Between Benderi and Vihren, there is a trail for climbers. This route wasn’t too difficult to follow, with not much descent. There were a few rocky areas, but the path was fairly flat and went through the forest. We walked for about 5 kilometers and saw some old trees. As we were going up, we came across a very clear mountain pond. It was beautiful here and we continued to see more natural wonders. This was our final stop.

The next day we set out to conquer a bigger peak, Muratov. On the third day of our journey, we walked through a valley, following the river. The beauty and silence were incredible. After a while, the valley came to an end and our leisurely time was over. We needed to climb a moraine, which led us to the stunning Muratovo Lake at its summit. There’s a beautiful waterfall here and the valley was magnificent. We continued walking and savored the incredible views.

The valley now felt far behind us and the sun began to set slowly. The scenery was mesmerizing. Fresh air, solitude and the mountains became our best companions. Locals were coming down the mountains, collecting wild blueberries. The valley also had Ivancha, a plant listed in the red book, which was spreading across the area. Just when we least expected it, we reached Muratovo Lake. It lay in a massive glacial basin, right beside the moraine wall.

The water here was incredibly clean and impressive. And by the way, there were fish in the lake. They were small, but they were there. Where they came from is still a mystery. We then proceeded towards the next moraine, climbing upwards. Along the way, we encountered a few smaller ponds and the water in them was just as pristine. Our route was heading towards the summit of the pass, so we started climbing. It took us 2 hours and 15 minutes from the Vihren club to reach the pass. The view from the pass was breathtaking. In the distance the Todorka Lakes could be seen.

Finally we reached Muratov. There were tourists climbing up as well and the tourist activity in this area was quite intense. The climb to the summit was challenging, with a rocky ascent, but it was completely rewarded by the incredible views we encountered along the way. We reached the top, 2660 meters high, in 3 hours and 7 minutes. This mountain was really fascinating, especially the final stretch where we had to scramble over rocks. It wasn’t just walking anymore. It was climbing.

My friend on the other hand, was worried about the descent. "If they decide to rescue us from here, I’ll gladly give up my lunch" he said. I thought about going higher for a moment, but there was nothing more to do here. The summit was flat and long, with no place to stop at the edge. But the views were amazing. Todorka a mountain we didn’t climb this time and Vihren, where we almost stayed, were all part of this incredible mountain range. From here, there's also a route leading to Mulu on the Red Road. This path also leads to Mount Rila, the highest mountain in the Balkans. We mentioned it in our previous post. It’s an amazing sight with lakes everywhere.
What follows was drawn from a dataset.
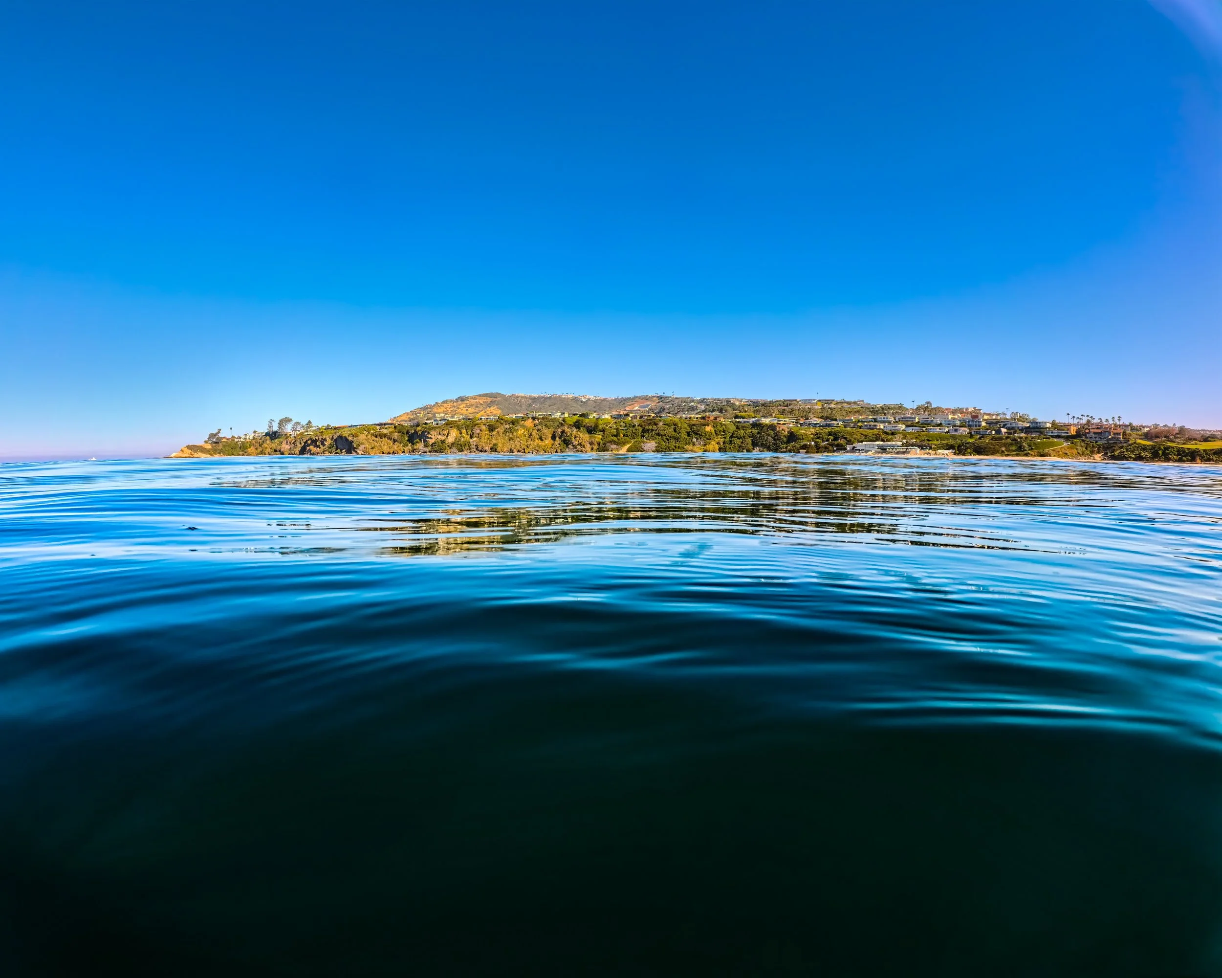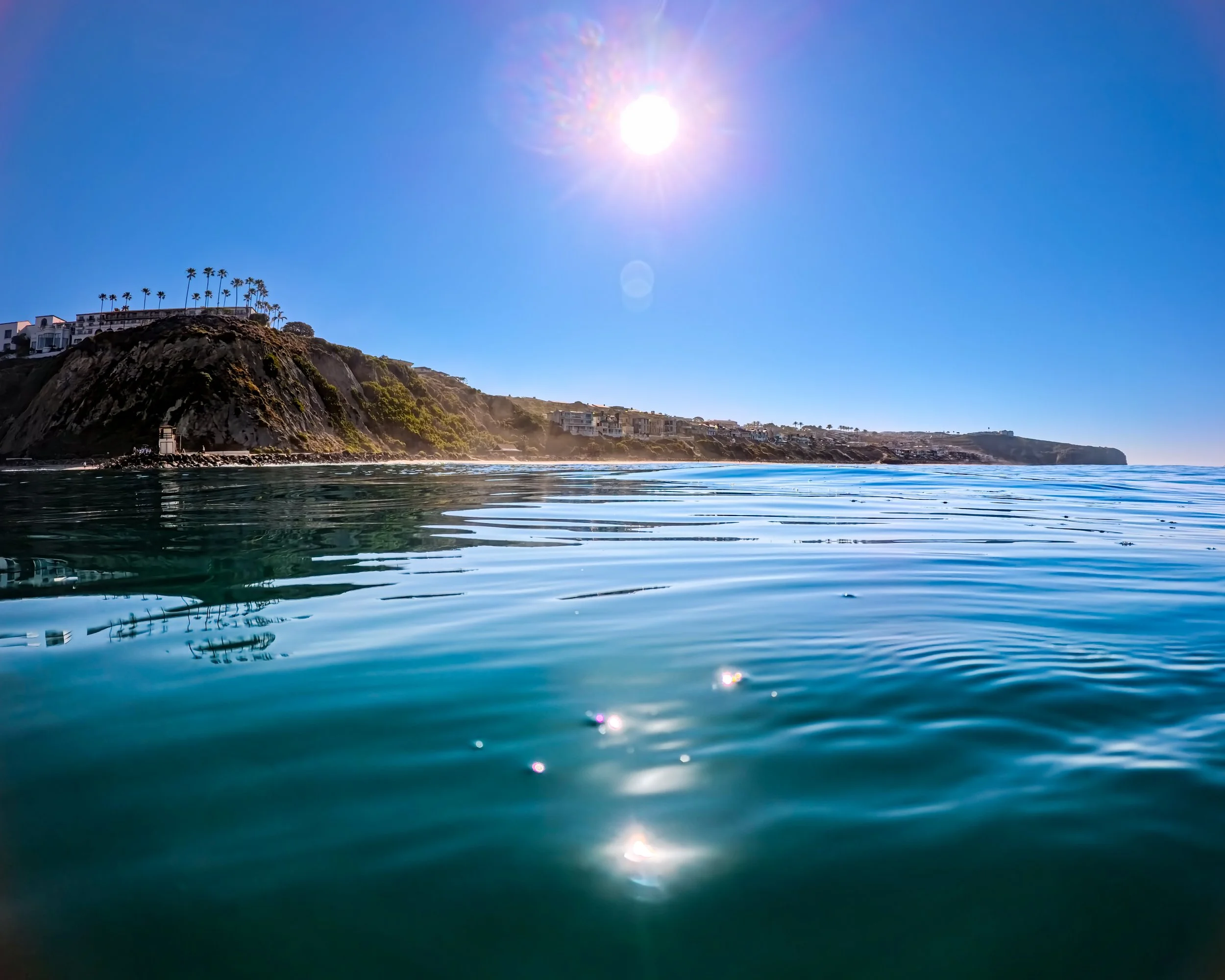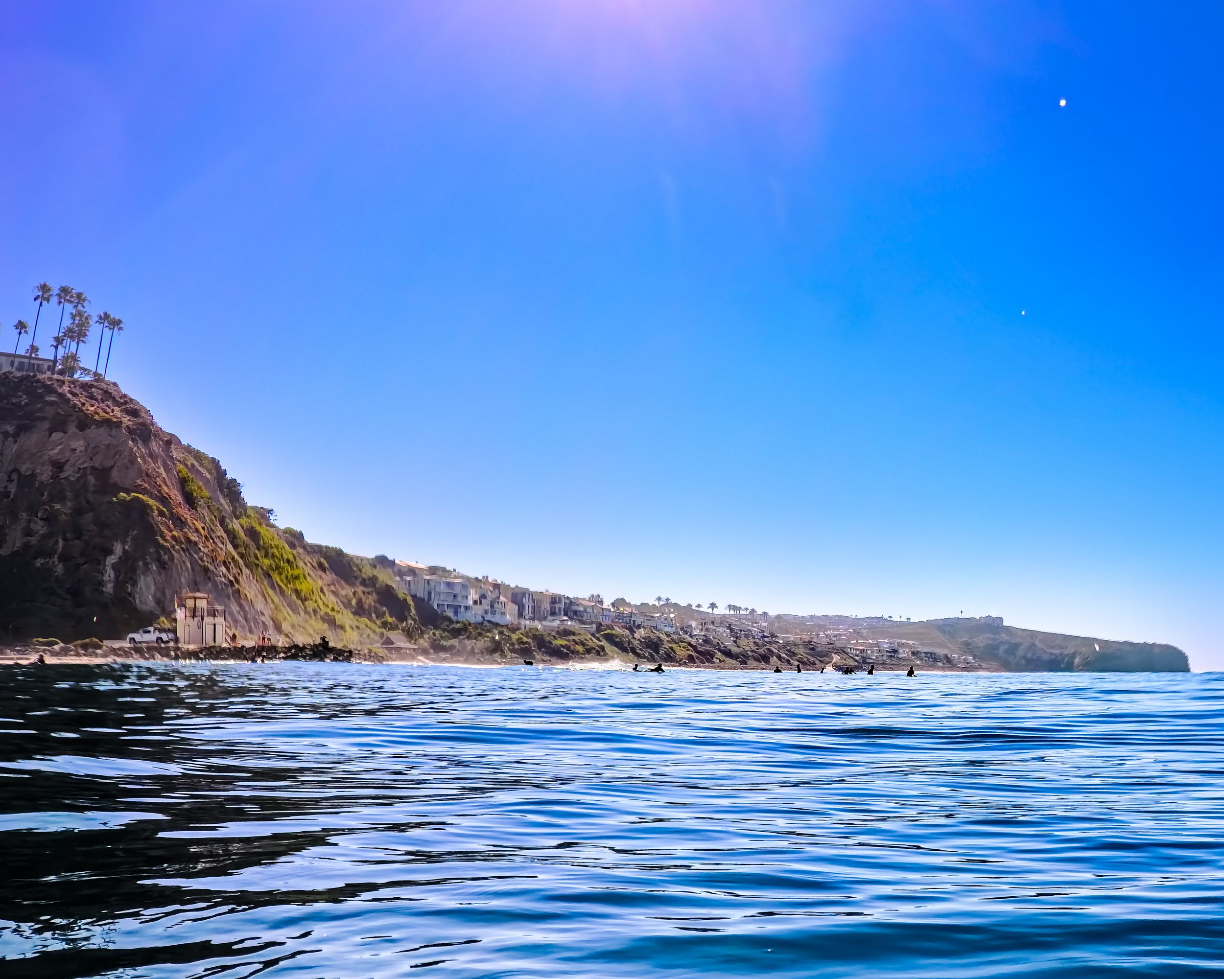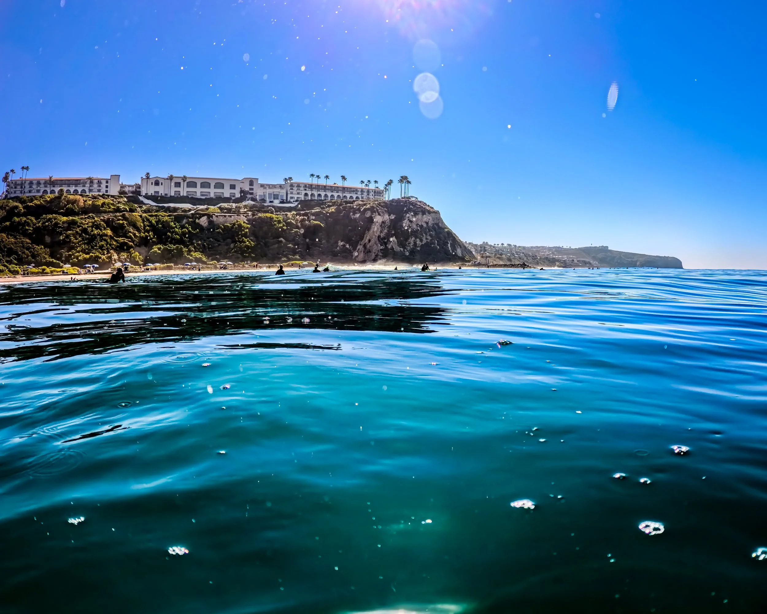 I turn around and swim back in the direction of where I started. It definitely feels like the water is warmer on this second half of the swim. It’s hard to fathom how nice this all is. I stare at the golf course and then the lawn above Salt Creek and then the snack area and then the big buildings of the Ritz. I’m swimming closer to shore than I was on the way north. The surfers are close and I can hear their banter. They sound in good spirits and why shouldn’t they be?

The descent was adrenaline-pumping. We had to climb down from a wall. We enjoyed the views as we descended and it turned out to be an incredible experience. But it would have been better to navigate the summit part without trekking poles. We put the poles in our bags and climbed both up and down the rocks. Now, a more difficult descent awaited us. We eventually reached the lake and everything looked incredibly beautiful.

There were many people in this area, mostly families with children,not only locals but tourists as well. Bansko offers great opportunities for mountaineers. Everywhere you go, there are different routes. Along the way there are many mountain huts where you can stay. This makes these mountains a fantastic place for nature lovers.